15 May 2025 • Research A Bat-Like Robot Design Using Echolocation Could Help Find Disaster Survivors

Faculty and student research in AI and robotics comes together to create more effective and cost-efficient methods for search and rescue missions.

Khairul Islam ’25 overcame his aversion to artificial intelligence thanks to Assistant Professor of Mathematics and Computer Science Hanqing Hu.

Assistant Professor of Mathematics and Computer Science Hanqing Hu and Khairul Islam '25 adjust the motor speed on a circuit. 

Hu’s class, “Topics in Computer Science” Islam says, helped shift his mindset.

“That was a class that literally clicked so many things in my mind,” Islam recalls.  He was struggling with what seemed like an unsolvable problem when Hu helped him from 6 p.m. to 9 p.m. over Zoom. “I’ll never forget that. We solved my whole problem online,” Islam says.

Hu asks, “I did that?”

“Yes! It was the first class I had with you,” Islam replies.

It was the beginning of a partnership that merged Islam’s passion for robotics and Hu’s expertise in AI to create the basis for a potentially life-saving technology. The sensor-equipped robot is designed to find spaces to navigate through in dangerous environments.

“We are thinking about things like rescue robots where the environment is very complex. There could be a forest fire where you have a drone search for people, so it has to go through branches,” Hu says. “The majority of the research now is focused on evading objects. If they detect an object in the front, they go around it.”

In many cases, however, there is no way to get around an obstacle. Islam and Hu wanted to create a method for their robot to find gaps it could squeeze through to accomplish its missions.

Currently, there already exists technology to map out environments in copious detail. Gaps can then be easily found, but it’s expensive. A typical light-based sensor can cost between $200 to $500 and provide for more information than necessary for the job. Islam and Hu’s sensor costs only 47 cents.

That low cost is especially helpful in high-risk environments where the drones are likely to get damaged in operation. By using machine learning, Islam and Hu’s sensor, while less accurate than costlier sensors, can identify patterns in its measurements that indicate gaps in the surroundings.

In smoky environments, laser based sensors are inadequate, Hu explains. “Those are based on light, but the smoke will block the laser,” Hu says. “But our method can be used in smoke because it uses sound instead.”

Echolocation is by no means new to drone technology but using it to locate gaps in the environment is. The robot’s sensor rotates constantly performing distance measurements. With real-time processing, machine learning and visualization components, the system combines four layers of technology to detect gaps.

The result is 95 percent accuracy, Islam says, versus a 70-80 percent accuracy for the same sensor without machine learning.

Islam presented their paper, which included work by Anik Biswas ’28, in April via Zoom at the Association for Computing Machinery’s 2025 International Conference on Multimodal Interaction. Researching this project, Islam says, was intense but it didn’t deter him. On the contrary.

“For me, academia is research, and research is self-learning. When you're just studying for a class, you might memorize just to get by,” he says. “But in research, you feel the need to truly understand.

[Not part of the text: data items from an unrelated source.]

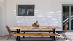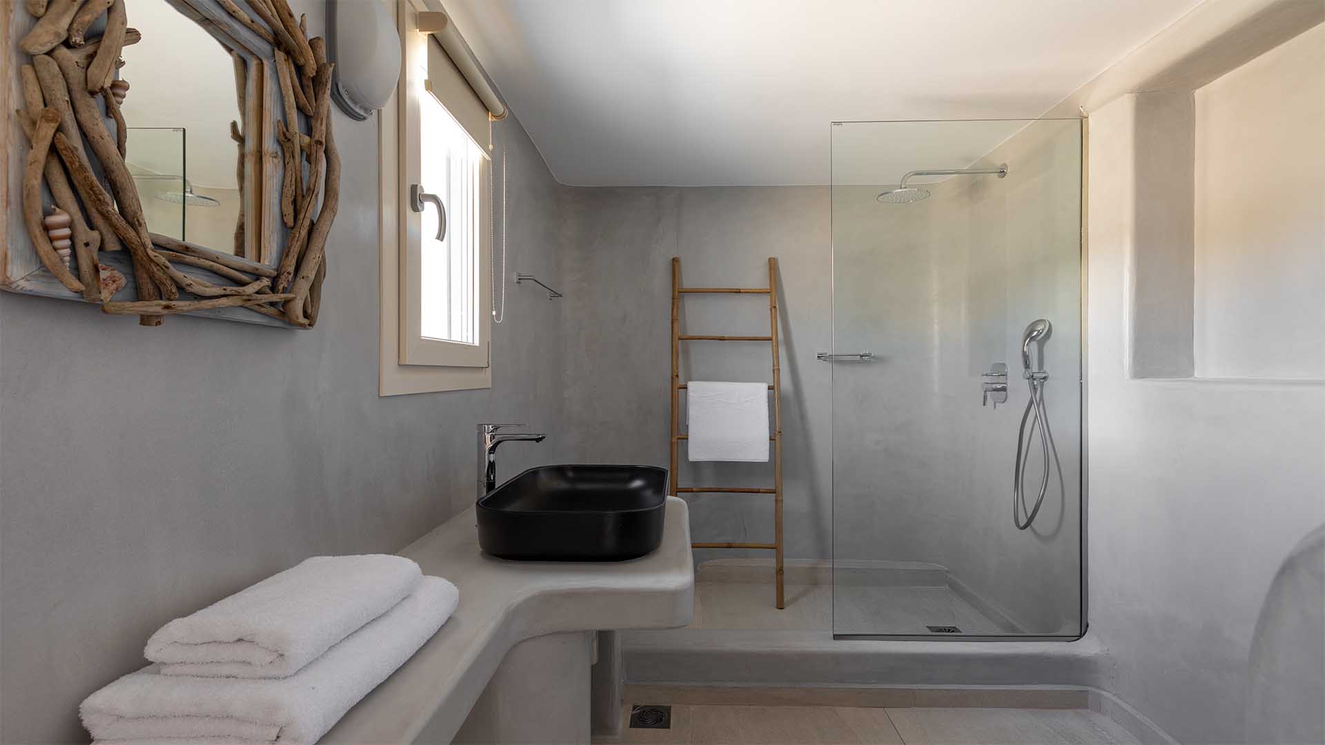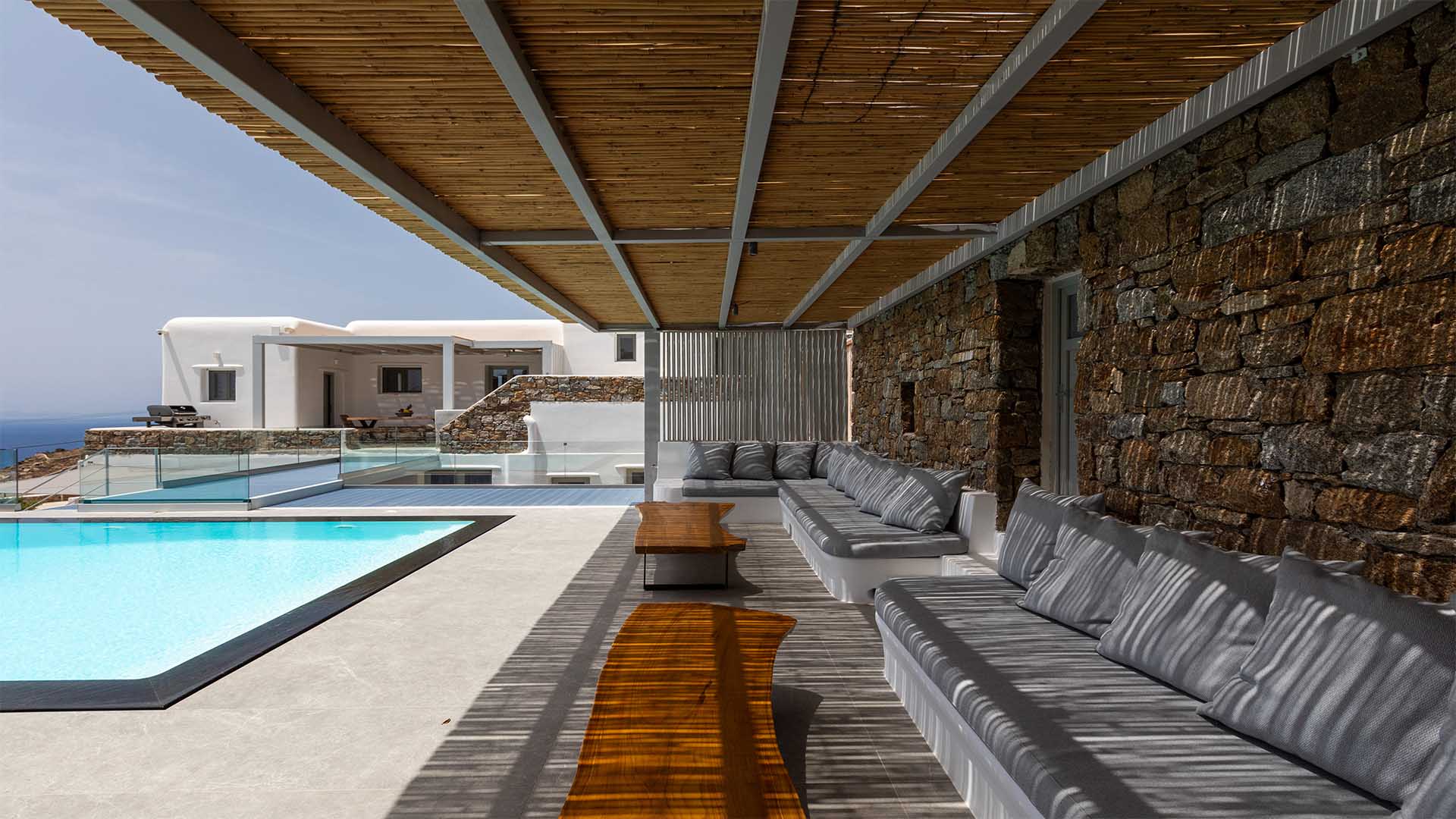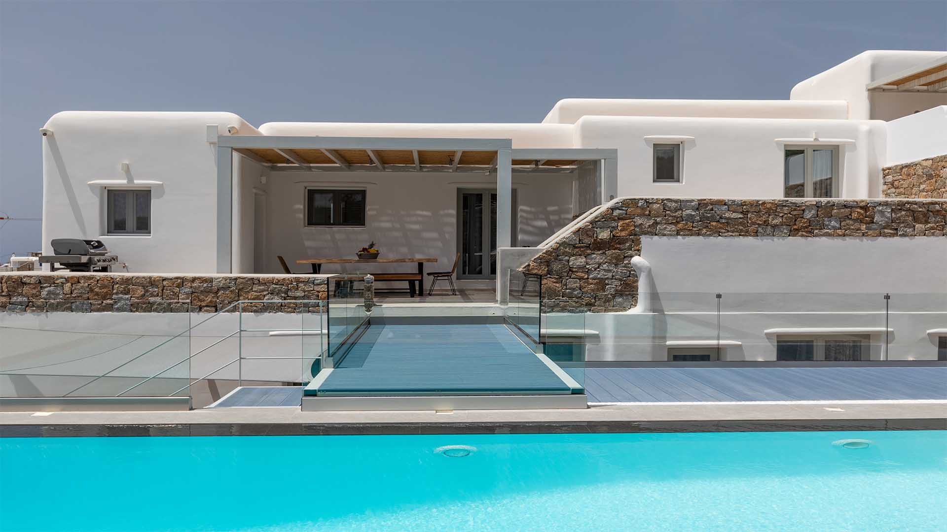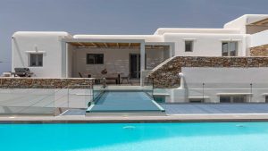 Clear blue sky and a view as far as the eye can travel, elegant and spacious lounging areas will surround you along with the villa’s Cycladic architecture. The outdoor area simply fulfills every individual need in an oasis-like environment from every aspect. The deck is almost floating above the sea and equipped with sun loungers, is perfect for leisure days soaking up the sun. Your only task is to relax by the amazing pool and allow your senses to free themselves away from indiscreet eyes.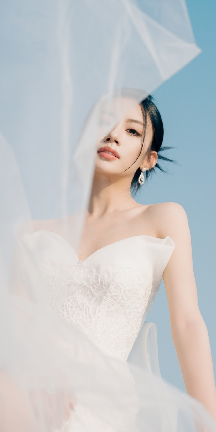 伍珂玥穿搭壁纸:白纱轻盈,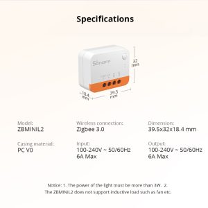 The SONOFF ZBMINIL2 is a compact Zigbee 3.0 smart switch designed to upgrade traditional switches with smart automation features. Its small size, versatile compatibility, and smart functionalities make it the perfect addition to your smart home system.

It's beautiful!”

Originally from Dhaka, Bangladesh, Islam says he will be the first person in his extended family with an undergraduate degree. “That's why this journey matters so much to me,” Islam says.

“I started doing research back home just for fun. Then at Hobart and William Smith, my professors noticed my work, I got course credit during semesters and even got paid to conduct research during summers,” Islam says. “My hobby became my academic path! I've spent countless weekends and breaks in Eaton 116, and honestly, I'm one of the happiest people because of it.”

Islam plans to attend graduate schooll in the fall. He plans to  develop robotic arms using AI, robotics, and machine vision to detect and remove weeds in agricultural fields without damaging crops. By removing weeds mechanically, the system allows growers to forgo environmentally harmful herbicides.